*** DATA ***

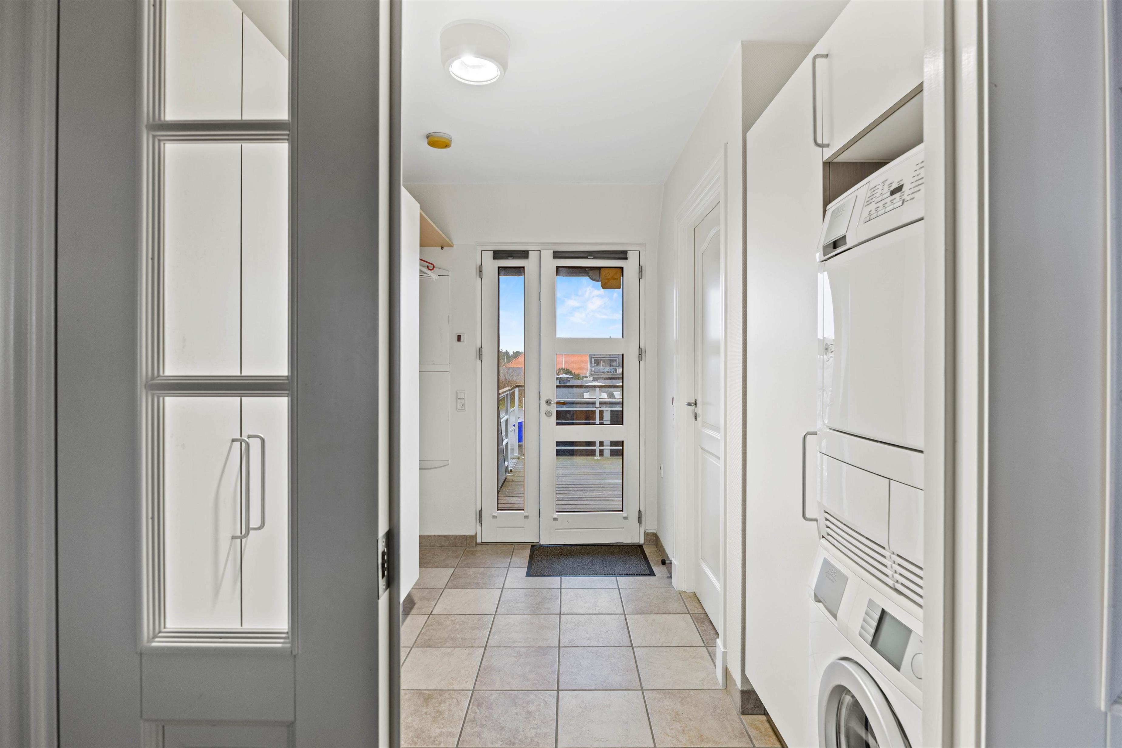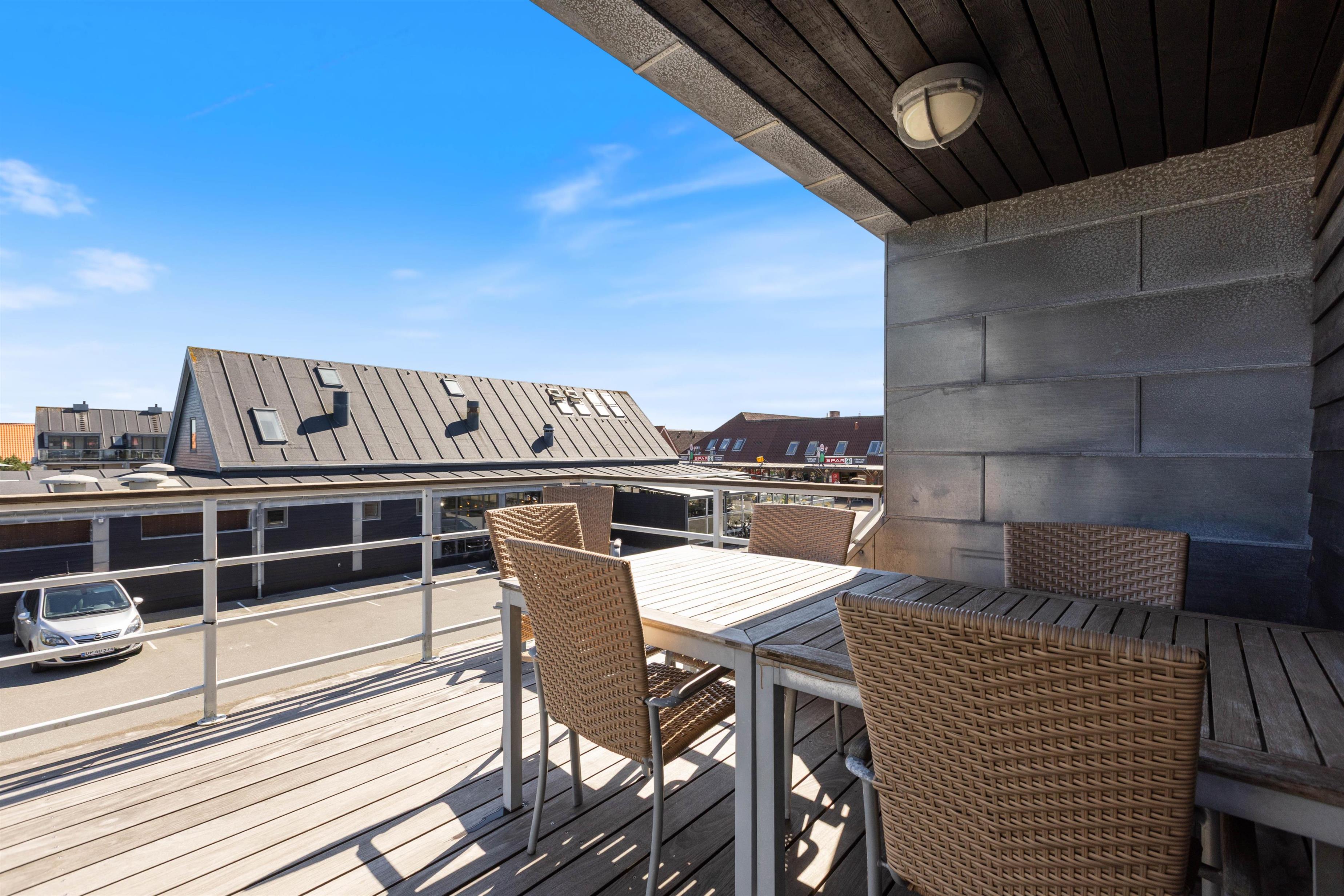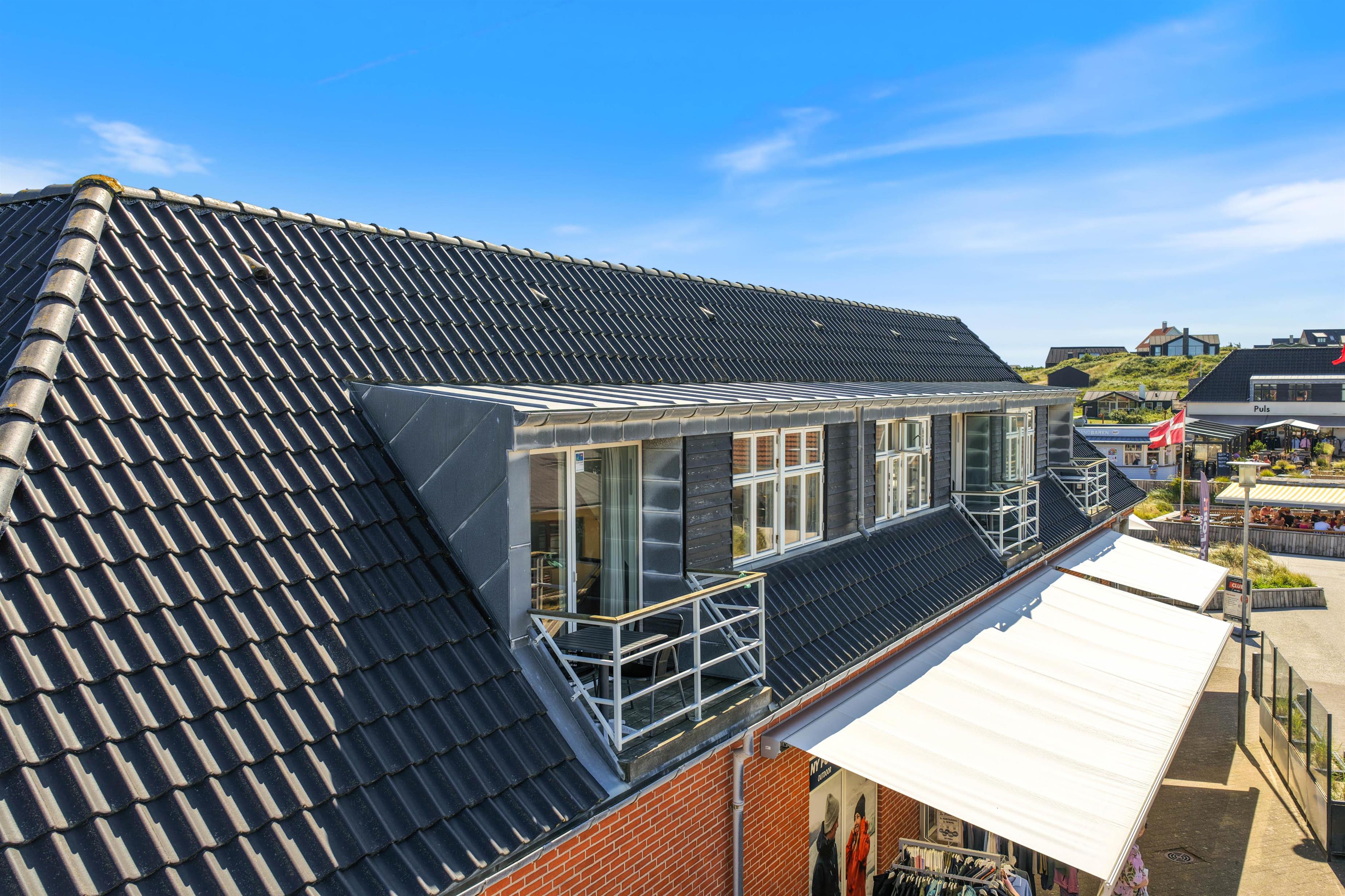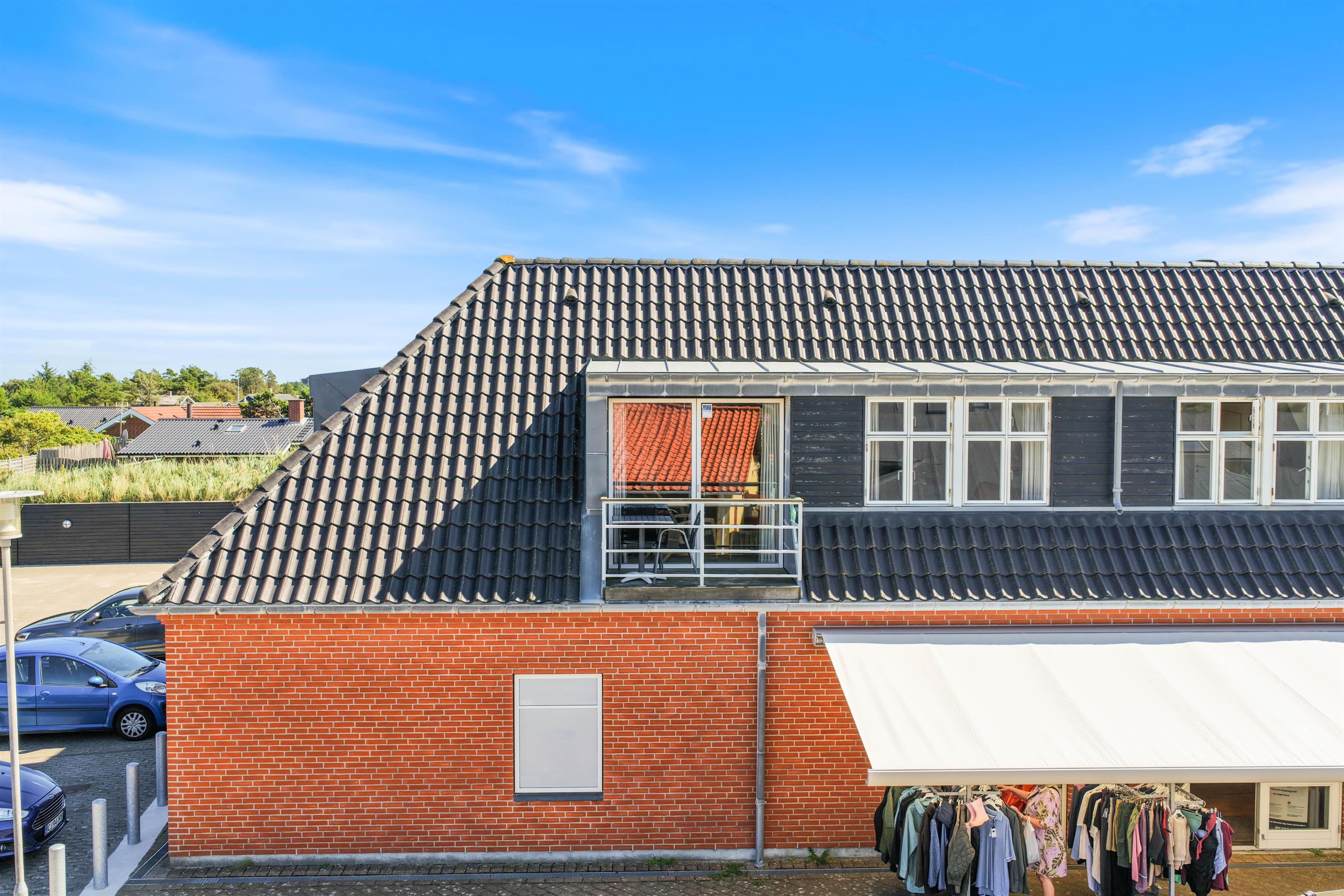 Fra den lille tagterrasse, der hører til lejligheden, har I udsigt ud over Henne Strands hyggelige indkøbsgade og med en fantastisk beliggenhed midt i centrum, skal I blot træde ud ad døren for at være fremme. Den lille ferieby byder på masser af god atmosfære, feriestemning og forretninger og caféer i massevis.
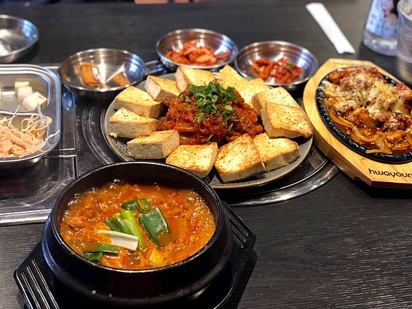 因為人數不多,所以只點了2菜一湯,起司辣炒雞,泡菜豬肉豆腐及泡菜湯。
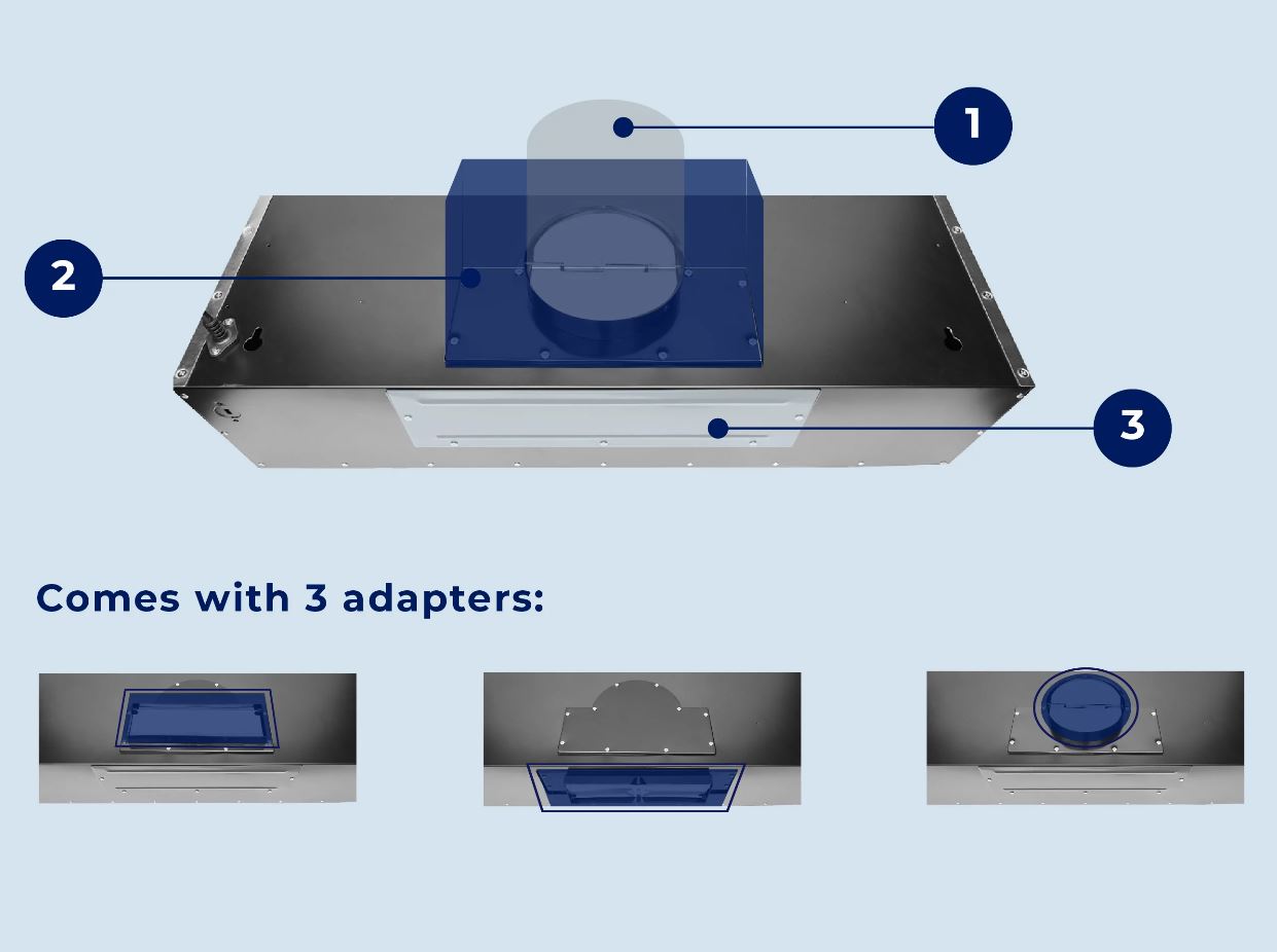 With the recessed low profile design, you won’t even know the UC-B018 under cabinet vent fan is there – until you turn it on and watch as the 600 CFM exhaust fan sucks away the cooking fumes, smoke, and odors fast. The bright LED light strip with GU10 bulbs inside conserves energy without compromising on light. The GU10 bulbs can be found in any local hardware store, so you can change the light color to coordinate with your kitchen. You can easily control the noise of the range hood’s vent fan and power with three-speed settings, and easily convert this cooktop canopy for a ductless recirculation air setting–something most under cabinet kitchen exhaust systems can’t do! Modern easy clean dishwasher safe stainless steel metal baffle filters are included, too. And, the UC-B018 convertible cooktop ventilation hood comes with 3 exhaust adapters to make installation simple and fast, regardless of which type of venting you choose.
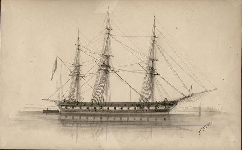 Dessin à la mine de plombDessin à la mine de plomb, signé en bas à droite. [XIXe siècle] ; 19 X 30 cm. Dessin représentant un vaisseau de guerre au mouillage.
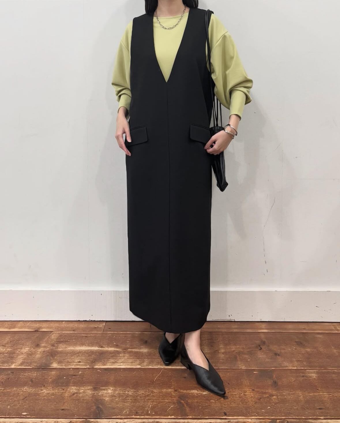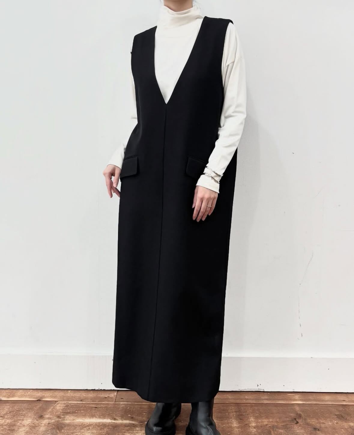 深めなVネックラインが抜け感があり大人な印象のジャンスカワンピ。
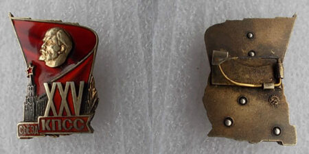Les délégués du congrès recevaient aussi un badge en argent et email rouge. Tradition remontant au congrès de 1966, ces badges n’étaient pas vendus dans le commerce. Celui du 25e Congrès :
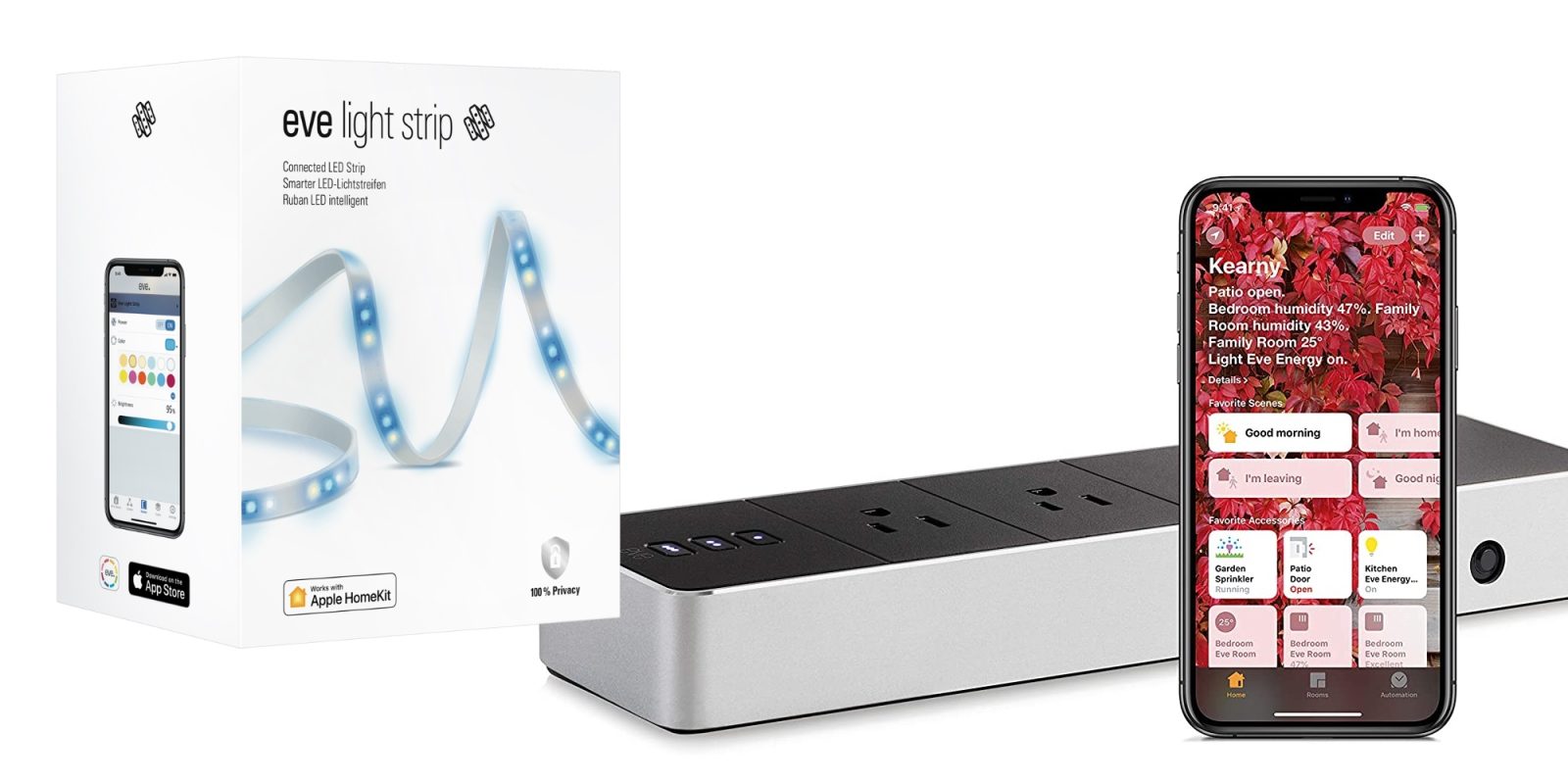 Power users rejoice. With Eve Energy Strip, individually control three outlets with the app or Siri. Put devices on autopilot. Rest assured that your appliances are safeguarded by overcurrent, overvoltage, and surge protection. Plus track their combined power consumption. Equipped with cutting-edge Apple HomeKit technology, and crafted to absolute perfection, Eve Energy Strip connects directly to your Wi-Fi network without a bridge. And never sends your private data to a cloud.

*** End of DATA ***

EXERCISE DETAILS → The expected output is the exact run of lines from the first line of the material above through the line that contains "因為人數不多,所以只點了2菜一湯,起司辣炒雞,泡菜豬肉豆腐及泡菜湯。", minus any pictures.

YOUR RESPONSE →
 Fra den lille tagterrasse, der hører til lejligheden, har I udsigt ud over Henne Strands hyggelige indkøbsgade og med en fantastisk beliggenhed midt i centrum, skal I blot træde ud ad døren for at være fremme. Den lille ferieby byder på masser af god atmosfære, feriestemning og forretninger og caféer i massevis.
 因為人數不多,所以只點了2菜一湯,起司辣炒雞,泡菜豬肉豆腐及泡菜湯。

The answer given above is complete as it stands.